Now, I really love having a second camera. Mostly, it's that lens-changing thing and I learned once that I don't want to be without a backup camera. Unfortunately, I can't brush off the cost of a new DSLR and a replacement L lens. My heart was right there on the concrete beside the camera gear. I scooped it up—the camera that is. (Who remembers rules about bending from the waist in a situation like that?)  Nothing obvious in the way of serious damage. A sizable ding on the body and some rather nasty battle scars on the lens hood, but the camera seemed to focus, the zoom functioned, and when I tried multiple buttons everything seemed to be in working order. Of course, I will do further testing of the battered gear today to make sure everything works, but I am reasonably assured that I got lucky.

Thanks Canon for making an affordable DSLR that will take some body slams and continue to do the job. Now, if you could help me learn to watch where my feet are and keep my camera strap out of puppy range....


  1. The Canons are made like the old Timex watches!

  2. All that I have to say is ouch!!! That is one tough camera. I don't treat my cameras with kid gloves either and will change lenses in a minute if I need to. When you talked about Galen, I thought about Hobbs and his exuberance. I can just see my D300 going skydiving off of the table. I keep straps fully on the table. No dangling zones are strictly enforced. :) So wonderful, very wonderful, to be reading of your adventures again, even when they cause me to have a gut check!

  3. Steve - Yeah, I thought about those old Timex commercials. With my limited experience in photography, I am in no position to compare toughness of build among the varying brands. But, I know I am happy with my two instances of dodging a gear disaster.

  4. Paul - Ouch is right. Maybe I just have a camera guardian looking after me. Funny you mention dangling straps and the table. I had made such a studied point of avoiding straps dangling from table edge. That, I could see coming. Shplat on the tile floor. Then, I still goofed up. Oh, well. Thanks for welcoming me back to the active bloggling world.

  5. Yikes, I cringed when I read this! The thought of dropping my beloved 24-105 is scary. Glad it turned out well :)

  6. Mary Ann - I am still cringing! I have three favorite lenses that I wouldn't want to be without. But, no doubt, my workhorse, walkabout lens is the 24-105. It's a gem.

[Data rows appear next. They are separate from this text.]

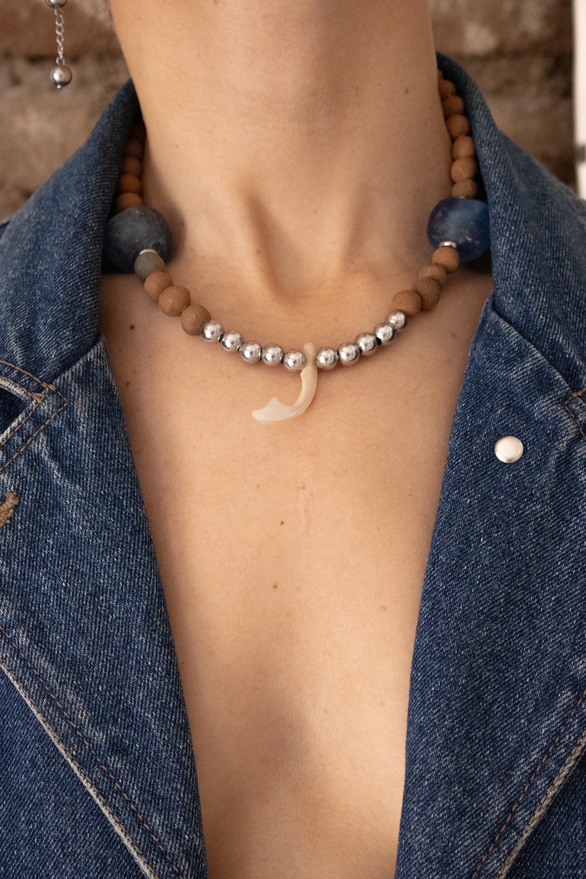 Stainless steel, vintage African sea glass, clay beads by Pai Pai indigenous community from Baja California and mother of pearl.
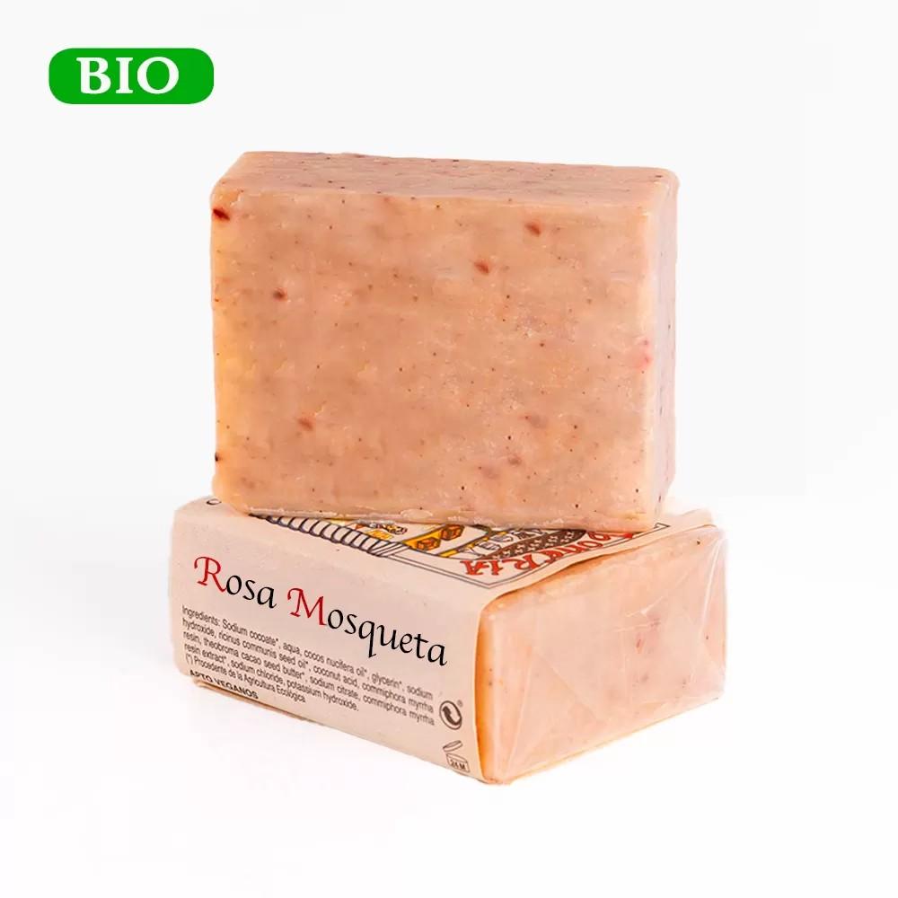 Jabón ecológico elaborado con Aceite de Rosa Mosqueta. Las potentes propiedades regeneradoras e hidratantes del aceite de Rosa Mosqueta, y su gran riqueza en ácidos grasos esenciales, en tocoferoles naturales, etc., hacen de este aceite una gran herramienta para regenerar y nutrir las pieles secas o agredidas ayudando a la eliminación de manchas, estrías y cicatrices.
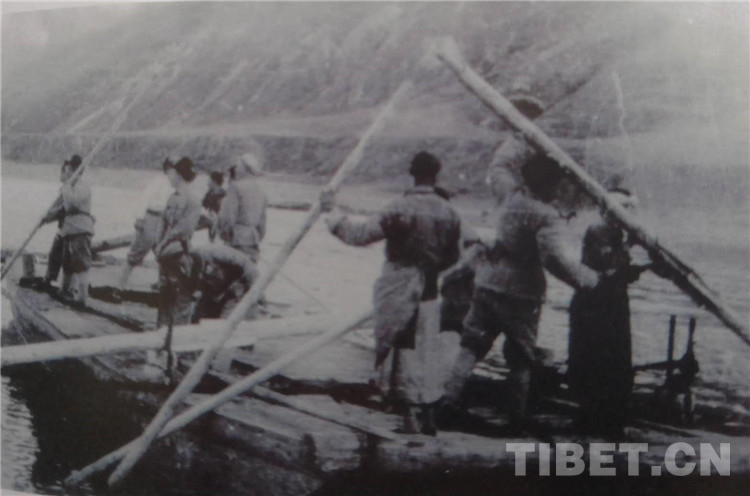 圖為1950年7月,154團(tuán)在金沙江上造的第一艘能載汽車的大木船。
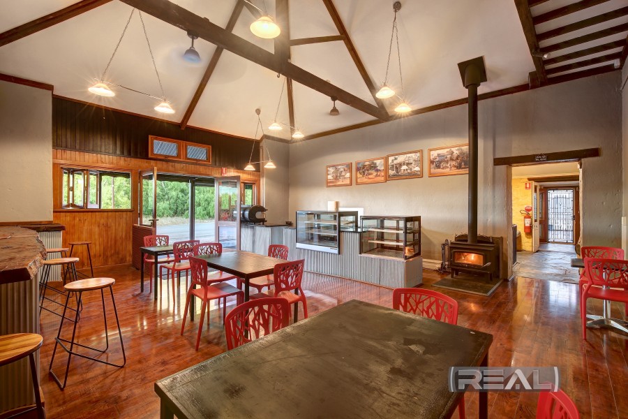 The second entrance gracing the side road boasts double timber doors plus servery windows and blessed with raked ceilings and more pendant lighting. This expansive room would make for the perfect family room or main room for a business. A large servery coupled with a cake refrigerator and 3 tier pie warmer grace this area plus washing facilities and a large breakfast bar eatery. A mood setting combustion heater with amazing ceiling fans plus ducted evap A/C will keep the elements at bay all year round. You couple this with approx. 500 mil sandstone walls and you have the recipe for success. This amazing area will showcase your produce or products in a very aesthetically pleasing way.
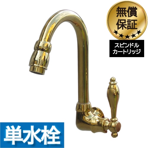 洗面水栓 蛇口 水栓金具 単水栓 シングルレバーハンドル(スパウト可動式) ゴールド(金) 奥行22×吐水口高23cm INK-0...
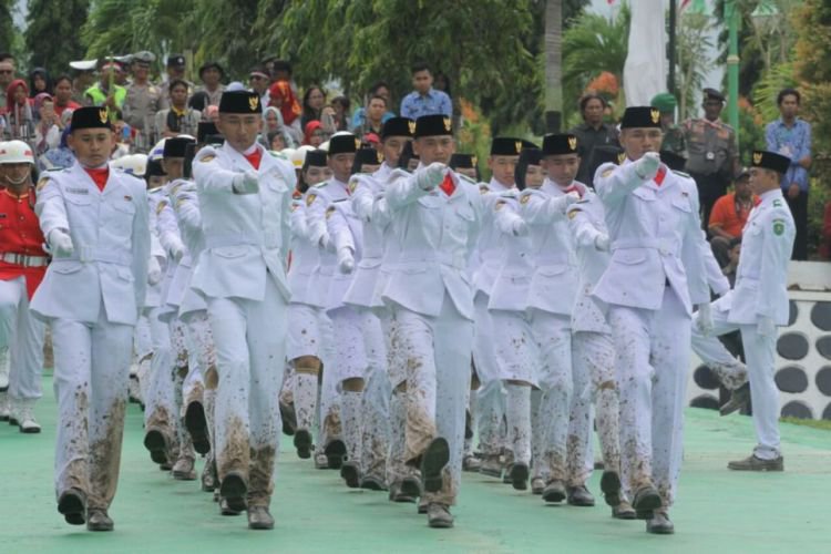 Meski sepatu dan celana maupun rok kotor, namun tak menyurutkan semangat untuk menjalankan tugas bagi Paskibraka Kutim saat menaikkan sang merah putih pada upacara HUT ke-72 RI di halaman kantor bupati, Kamis (17/8) tadi pagi. ©2017 Merdeka.com
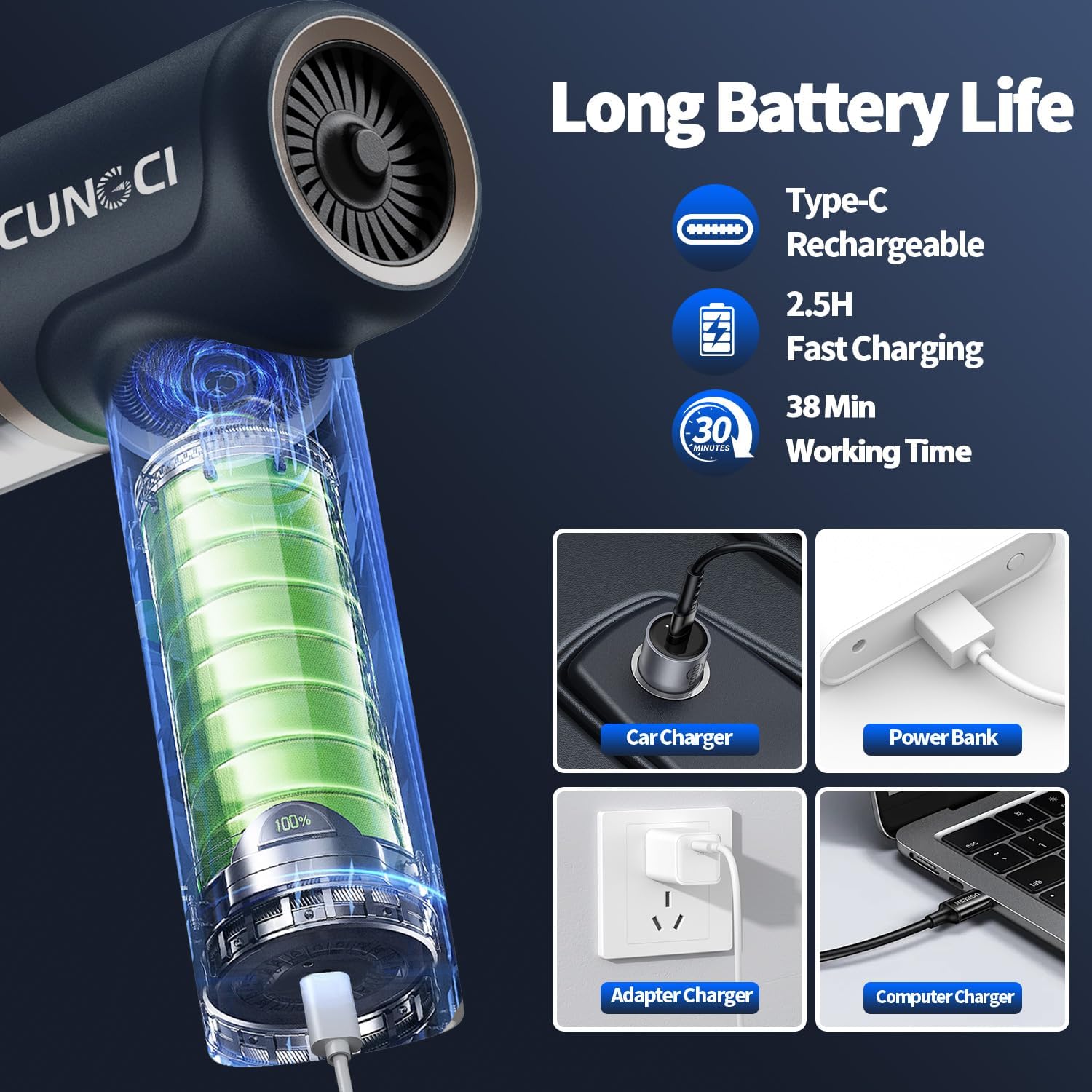 4000MAH HIGH CAPACITY AND 3-HOUR FAST CHARGE: This car vacuum cleaner is powered by a 4000 mAh battery and supports Type C charging. It can be fully charged in 2.5-3 hours, and can be used for nearly 38 minutes in eco mode and 18 minutes in super suction mode. Equipped with TYPE-C charging cable, you can use car charger, mobile power, laptop, rechargeable treasure and other ways to charge easily.
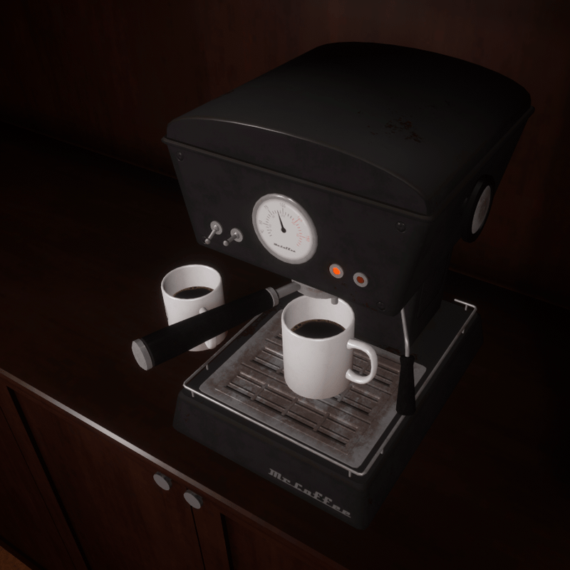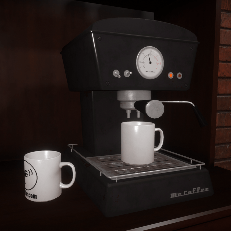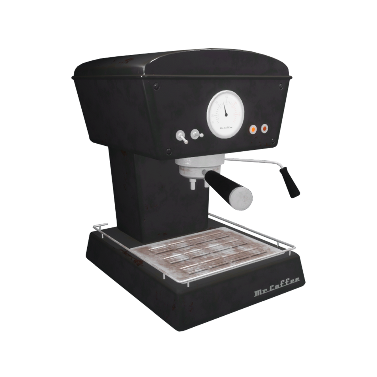 As seen in 114 Harvest experience. Old, distressed, retro coffee maker with proper physics mesh so that you can place the cup on it. You can check out the coffee maker at the following link https://atlas.sansar.com/experiences/draxtor/114-harvest
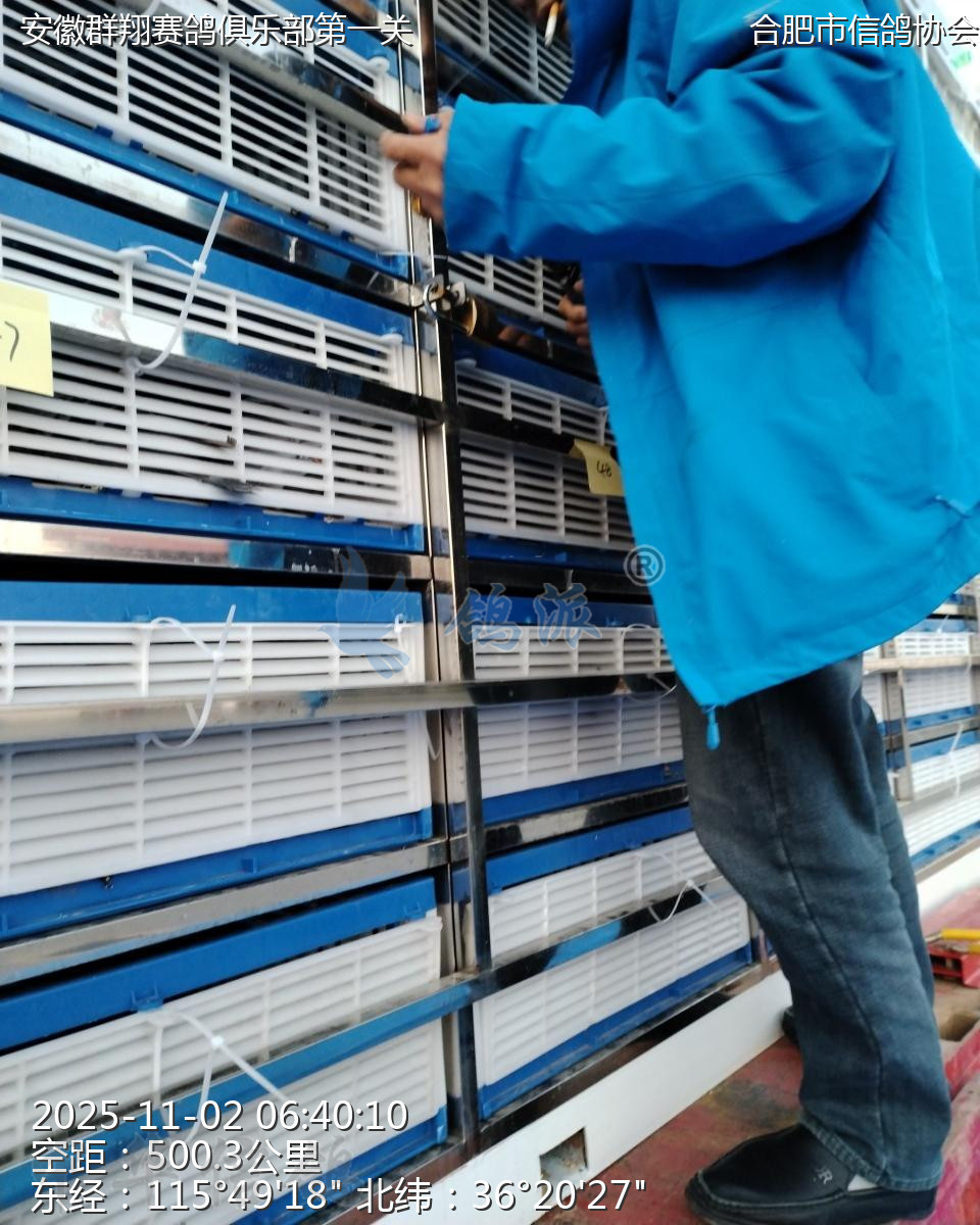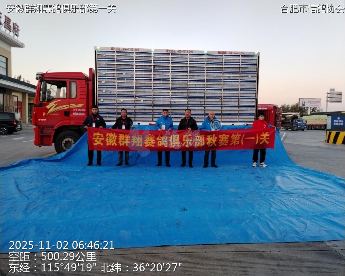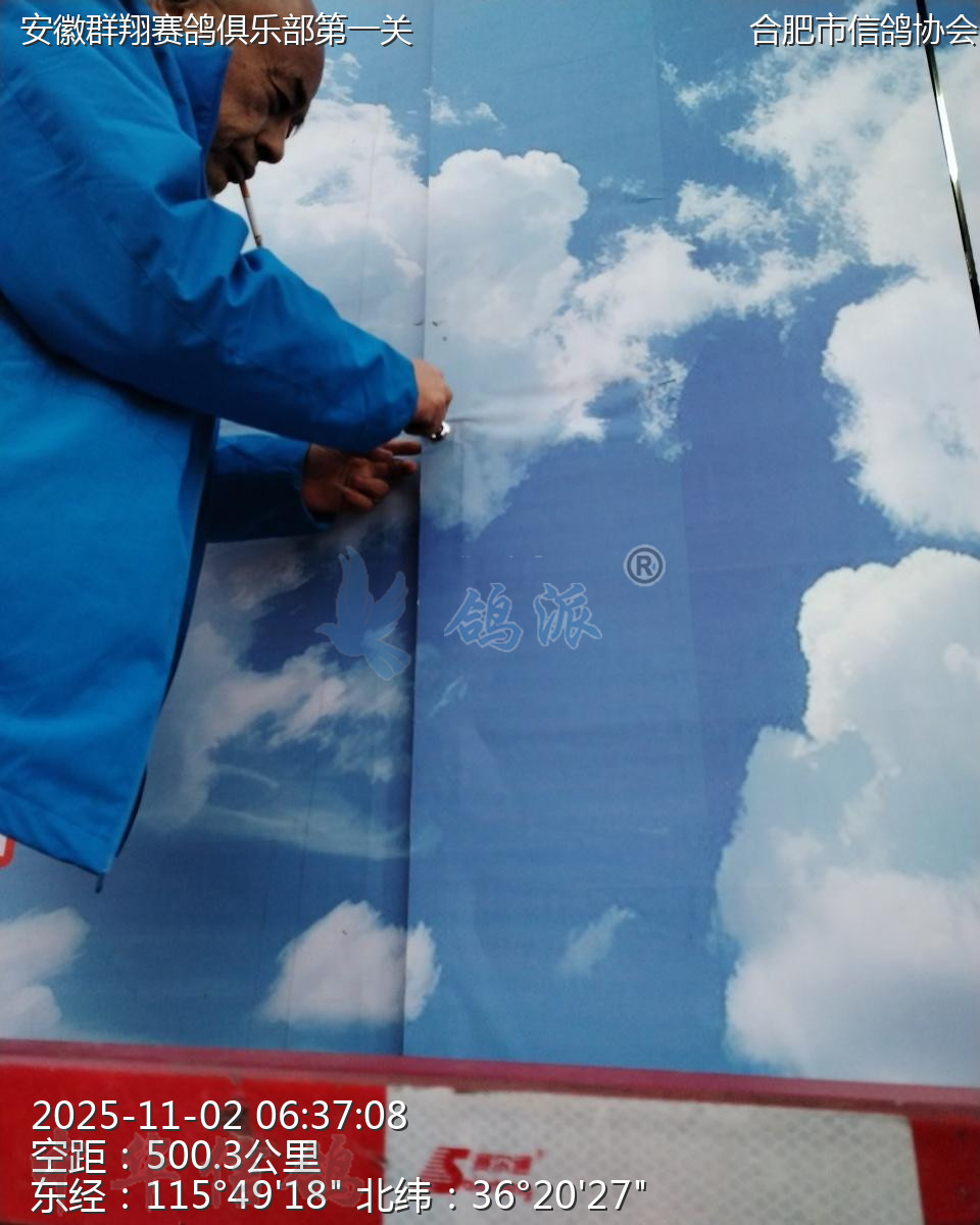 安徽群翔赛鸽俱乐部第一关——照片由"鸽派"提供。 司放轨迹 监放单
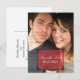 Anuncie a su próximo boda con esta simple y elegante foto de marco Art Deco Guardar la postal de fecha en rojo. Esta postal moderna presenta un marco transparente inspirado en la decoración de la moda sobre una foto de plantilla. Fácil de personalizar, simplemente agregue su propia foto y los detalles de su boda. Haga clic en "Personalizar" para encontrar más opciones de personalización.
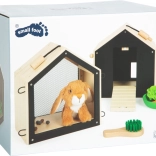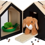 Ljubka set za male skrbnike: stabilen lesen zajčnik z izpustom in plišastim zajčkom. Vsebuje bogate dodatke za realistično igro skrbi za ljubljenčka ter spodbuja ustvarjalnost, empatične veščine in odgovornost otrok.
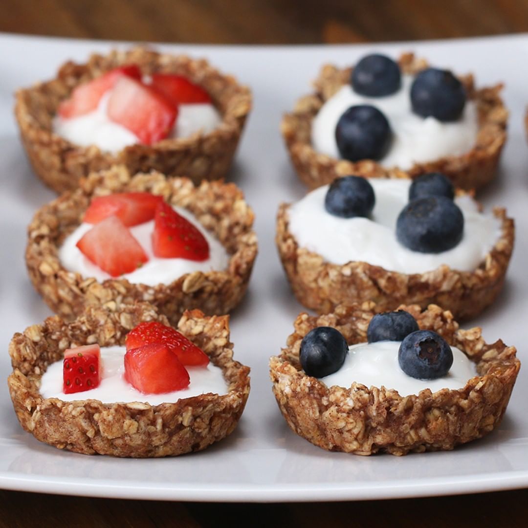 【オートミールで簡単!】ひとくちヨーグルトタルト🍓🫐 / Granola Yogurt Mini Tarts
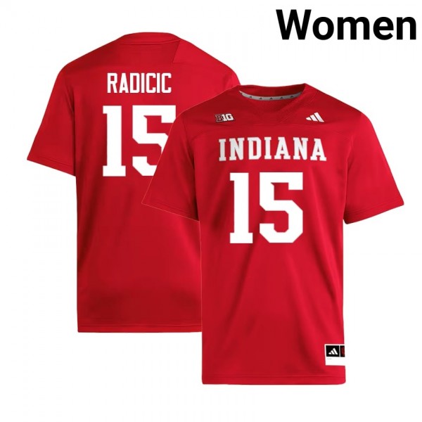 • Womens Nico Radicic Crimson Indiana Hoosiers #15 College Football Embroidery Jerseys - Represent your team with the authentic jersey of Nico Radicic, featuring official NCAA branding and player-specific details.
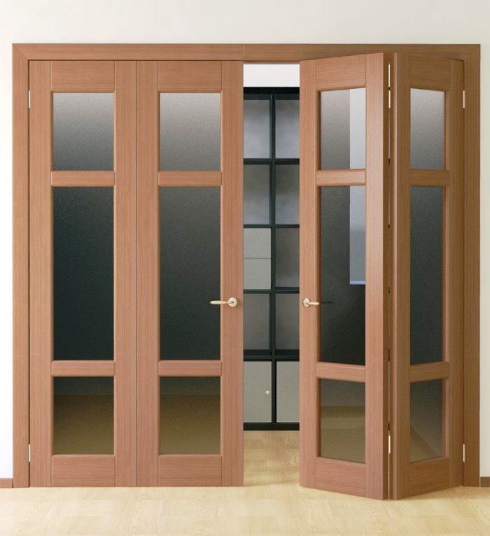 - различным количеством складывающихся секций в устройстве. На основе подобных систем производят не только интересные варианты перекрытия межкомнатных проёмов, но и перегородки для разделения пространства. Так, реально купить двери-книжки на заказ по своим размерам для обособления участка гардеробной, зонирования санузла, обустройства столовой;
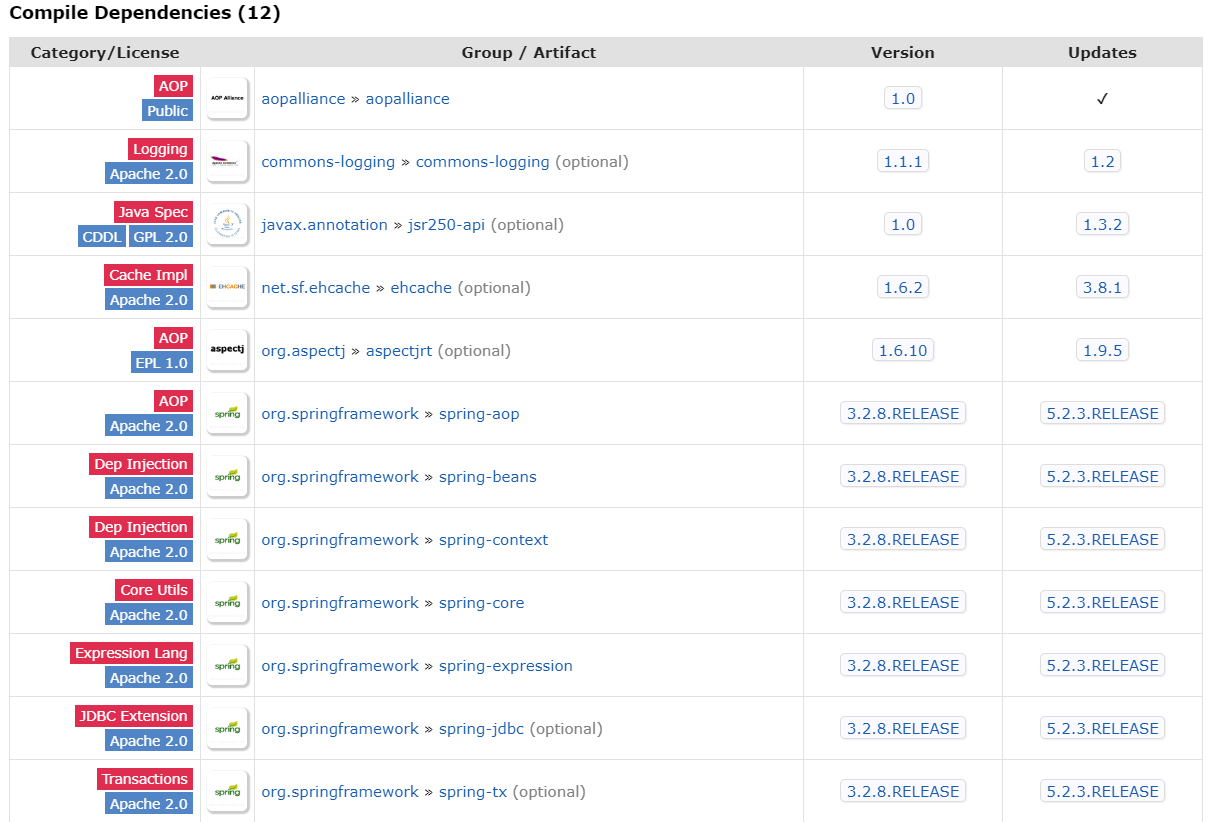 처음에 들어가면 버전이 많아서 당황할 수 있다. Spring Security는 Spring FrameWork의 버전과 연관성이 있으므로 자신이 가지고 있는 버전에 따라 Maven을 가져가면 된다.

  7. It's not a matter of "if" but more a matter of "when" we will watch our cameras make that hard impact. I've done that with a Nikon 80-400mm VR lens. I noticed immediately after picking it up that it no longer was straight but had this nice little bend in the middle of it. The camera was okay since the lens took the impact. Hope it all works out for you.

  8. Monte - Oh, the sound of that 80-400 landing must have been painful. No personal experience, but it sounds like a wonderful lens. So far, I haven't found any problems with lens or camera. Whew!